Op een fundamenteel niveau is de ontogenese een triomf van zelforganiserende emergentie die voortkomt uit het samenspel van een enorm aantal kleine, relatief eenvoudige interacties tussen cellen die nauw met elkaar samenwerken. Elke cel reageert op haar plaatselijke omstandigheden zonder dat ze het grote geheel hoeft te begrijpen. Stel je voor dat je aan het eind van een wedstrijd een overvol stadion verlaat, maar niet weet waar de uitgang is. Gelukkig geeft dat niets, want je hoeft je alleen maar te richten op de mensenstroom om je heen. Je trage maar gestage voortgang wordt niet bepaald door één specifiek persoon, maar door het zelforganiserende tempo van de massa. Dat tempo kan soms even stokken, maar waarom, dat hoef je niet te weten. Je ziet simpelweg dat iedereen om je heen stilstaat, dus doe jij dat ook. Zodra de groep weer voorwaarts schuifelt, laat je je simpelweg meevoeren, totdat je uiteindelijk bij het draaihek komt – en dat allemaal door je bewegingen domweg af te stemmen op die van de mensen om je heen.(29)

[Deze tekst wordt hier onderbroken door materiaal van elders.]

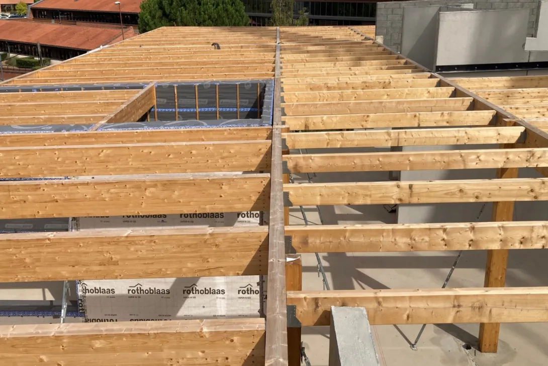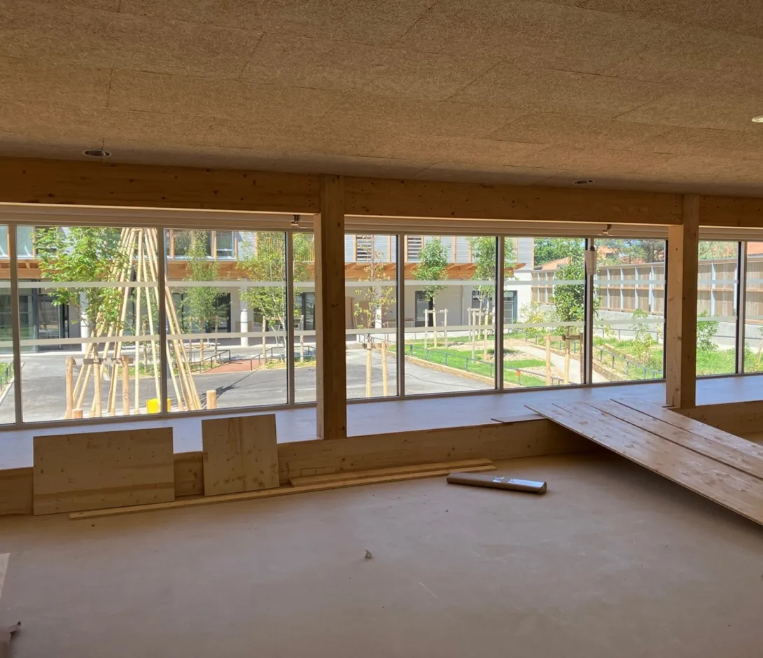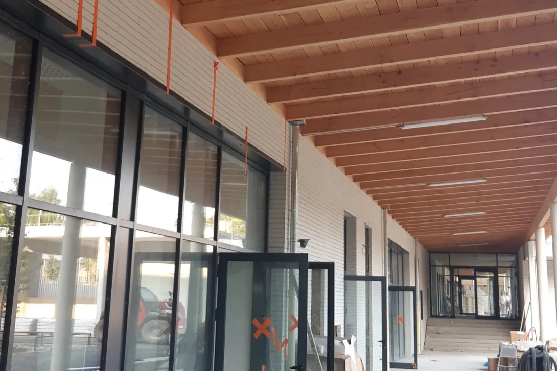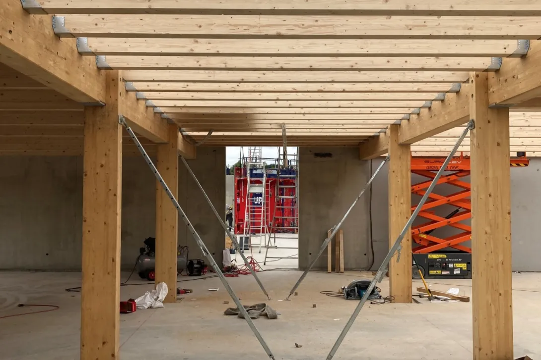 • Structure : mixte béton et bois (poteaux poutres en lamellé-collé)

Het gedrag van een cel heeft veel weg van hoe jij daar in die mensenmassa handelde. Een cel stemt haar handelingen af op wat de naburige cellen doen. Ze hoeft het uiteindelijke doel van het systeem als geheel niet te kennen, maar ze moet wel perfect op één lijn zitten met haar buren en met haar eigen terugkoppelingsmechanismen reageren op de signalen die ze van hen ontvangt.(30)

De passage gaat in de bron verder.